I was talking on the phone with [gallerist Jan Mot] two months ago, before the quarantine started, about performing Time. I was here in Buenos Aires and I was supposed to fly to L.A., but then just two days before the quarantine started I canceled my trip. So I was talking to Jan and I wondering: what unites us all? The present moment. I realized this is the moment to be together through space and time. Whether you are in Hong Kong or New York, the present is all we have. 

The performance forces its participants to be conscious of the passage of time, which is interesting in the context of quarantine. Over the past few months, I’ve felt the minutes of every hour in a way I never had before. 

Absolutely. Normally, you wake up, get dressed, and enter the world. Now, there is often a block of 24 hours you spend in your house. So what becomes the difference between that block of time and one minute? It is a very thin line. The past 50 years fold back on itself; the time feels so long, but so short. 
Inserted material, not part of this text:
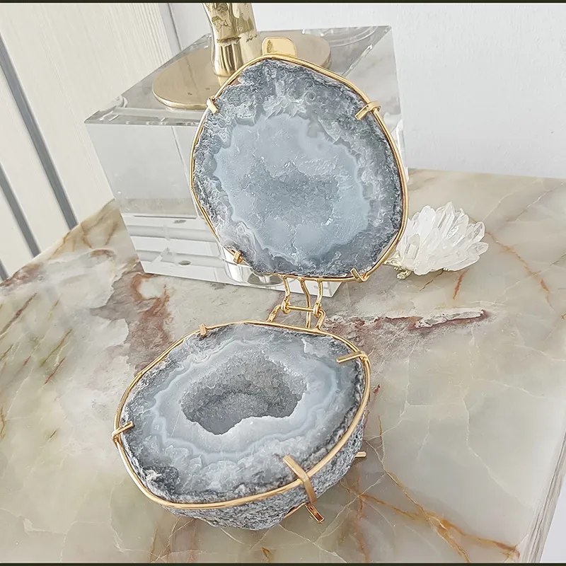 Applications of the Natural Crystal Agate Geode Cornucopia Jewelry Box Ornament

Fifty years ago I was thinking about art in one way. Your artistic ideas change, you keep on moving on. But this moment for some reason brings me back to the concepts I was working on in the late ’60s and ’70s, which were pretty advanced for the time. It’s very interesting to go back and ask myself “why do I do what I do?”

Do you have an answer?

[Laughs] No, no. Well, yes, I do and I don’t. Why did I feel in 1966 that sculpture shouldn’t be physical, that it should be conceptual? Why did I think that when I was 18 years old? It has to have a meaning related to why I am who I am. When I was in Argentina in the ’60s I was a Conceptualist, then I arrived in England at the beginning of British Conceptualism. Later, I moved to L.A. at the birth of California Conceptualism. I was following the rebirth of Conceptualism through the years, which is having another moment now. This is not the moment for physical art. These museums and galleries show sculptures and paintings, but at this moment we can’t see them. This moment has opened a new consciousness of what art can be.